**Provided material**
____

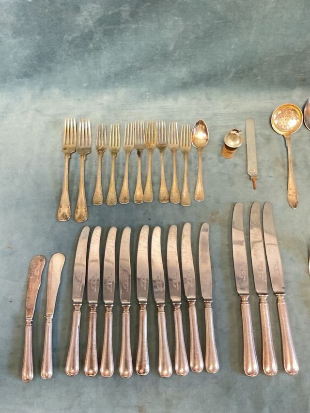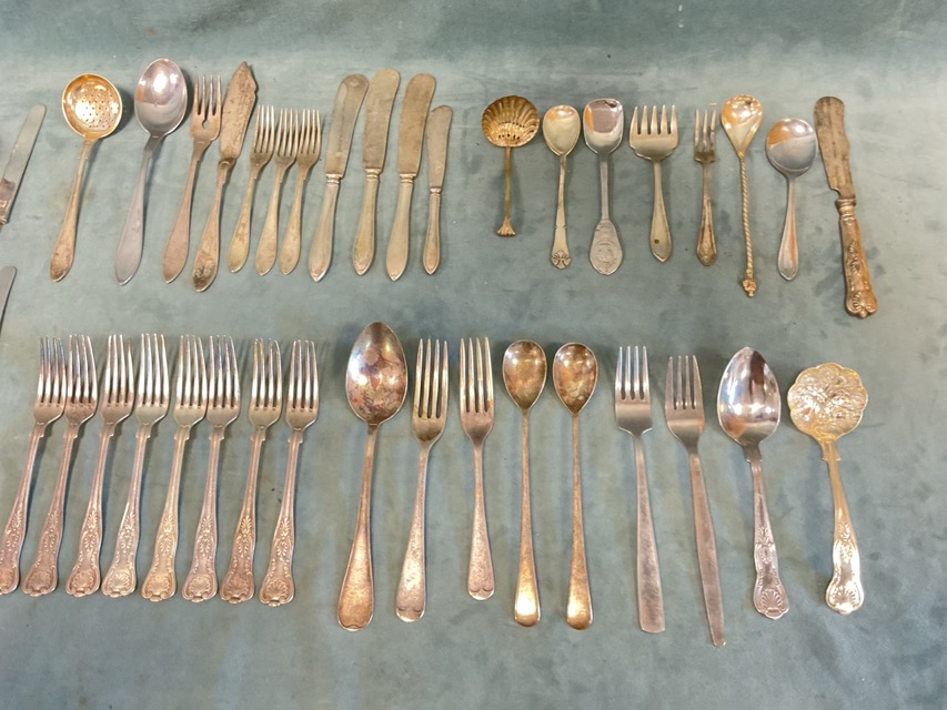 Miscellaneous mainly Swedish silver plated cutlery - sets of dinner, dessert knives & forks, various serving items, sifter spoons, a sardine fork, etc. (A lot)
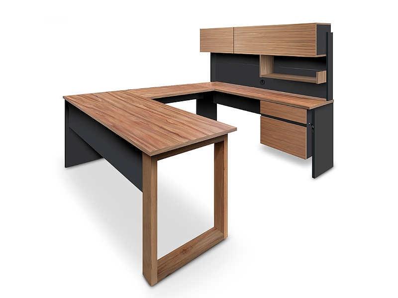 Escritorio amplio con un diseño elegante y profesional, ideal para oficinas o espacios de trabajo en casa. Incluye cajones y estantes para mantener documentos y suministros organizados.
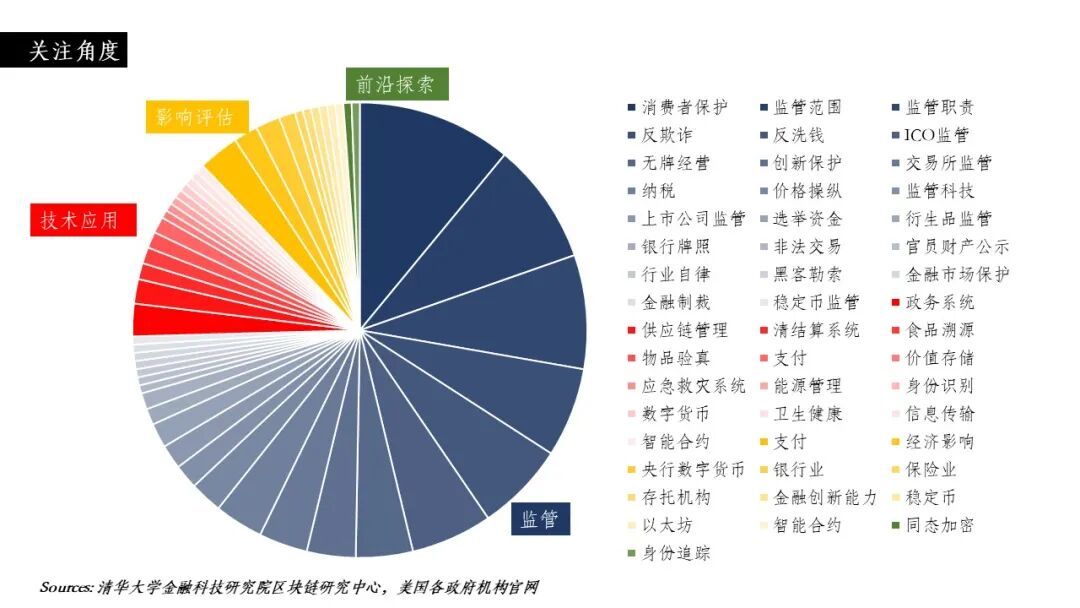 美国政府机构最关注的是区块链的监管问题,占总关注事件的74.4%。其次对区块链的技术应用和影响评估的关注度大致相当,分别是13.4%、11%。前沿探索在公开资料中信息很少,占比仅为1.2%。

____

**What is being asked**
Starting at the line that contains "Escritorio amplio con", transcribe every line through the end of the listing exactly, including both end lines and excluding pictures.

**Exercise response**
 Escritorio amplio con un diseño elegante y profesional, ideal para oficinas o espacios de trabajo en casa. Incluye cajones y estantes para mantener documentos y suministros organizados.
 美国政府机构最关注的是区块链的监管问题,占总关注事件的74.4%。其次对区块链的技术应用和影响评估的关注度大致相当,分别是13.4%、11%。前沿探索在公开资料中信息很少,占比仅为1.2%。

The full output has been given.